Lossless Ethernet and Packet Trimming
AI workloads rely heavily on RDMA over Converged Ethernet (RoCEv2), which traditionally mandates a "lossless" fabric utilizing Priority Flow Control (PFC)
Source: mortalapps.com- AI workloads rely heavily on RDMA over Converged Ethernet (RoCEv2), which traditionally mandates a "lossless" fabric utilizing Priority Flow Control (PFC) and Explicit Congestion Notification (ECN).
- PFC often creates catastrophic secondary network issues, including pause storms, victim flows, and complete network deadlocks at high node counts.
- Packet Trimming is a next-generation congestion mechanism that dynamically truncates congested packets—dropping the payload—but forwards the critical header.
- Trimming provides immediate, explicit congestion signaling, enabling selective retransmission without suffering the heavy performance penalties of legacy Go-Back-N protocols.
Why This Matters
When an Ethernet switch buffer overflows, it traditionally drops packets silently. In an RDMA environment, a single dropped packet forces a Go-Back-N retransmission, meaning the sender must resend the lost packet and every single packet sent after it. This severely destroys AI training throughput. While PFC stops drops by physically halting traffic, it can accidentally halt the entire cluster in what is known as a pause storm. Packet Trimming elegantly solves this by replacing blunt-force halting with precise, immediate, surgical communication.
Core Intuition
Imagine a postal system where mail trucks (data packets) arrive at a completely full sorting facility.
In Standard Ethernet (Drop), the facility simply destroys the truck. The sender only realizes it weeks later when the recipient asks where it is, forcing the sender to recreate and resend everything.
In a PFC network (Halt), the facility tells the highway patrol to stop all incoming traffic, causing miles of gridlock (pause storms).
In Packet Trimming, the facility empties the cargo (payload) into the trash, but sends the empty truck and the shipping manifest (header) through an express lane directly to the destination. The destination immediately sees the empty truck and tells the sender exactly which specific cargo to resend (Selective Retransmission).
Technical Deep Dive
Legacy RoCEv2 Congestion Management relies on two interconnected mechanisms. Explicit Congestion Notification (ECN) acts as a proactive signal. When a switch queue hits a predetermined threshold, it marks the IP header's CE bit. The receiver replies with a Congestion Notification Packet (CNP), instructing the sender to apply the DCQCN algorithm to throttle its transmission rate. Priority Flow Control (PFC) acts as a reactive safety net. If queues continue filling to the Xoff threshold, the switch broadcasts PAUSE frames upstream, physically halting the link. Over-aggressive PFC tuning frequently leads to sudden throughput collapse.

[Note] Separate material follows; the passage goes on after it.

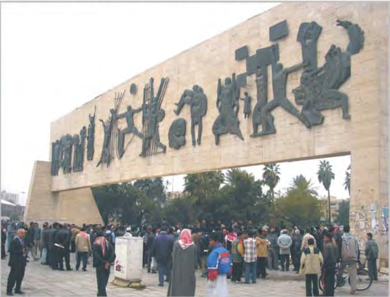
جملة تنظيف وتشجير ساحة التحرير ونصب الحرية في الذكرى 43 لوفاة الفنان الرائد جواد سليم.

البريطانيون يرون الانتخابات المبكرة أمراً سلباً

To avoid PFC deadlocks, the Ultra Ethernet Transport (UET) introduces Packet Trimming. When a switch queue overflows, instead of dropping the packet entirely or pausing the network, the switch physically chops the packet to 64 bytes. It retains the L2/L3/L4 and UET headers, sets the DSCP marker to "trimmed," and immediately places the truncated packet into a dedicated high-priority egress queue.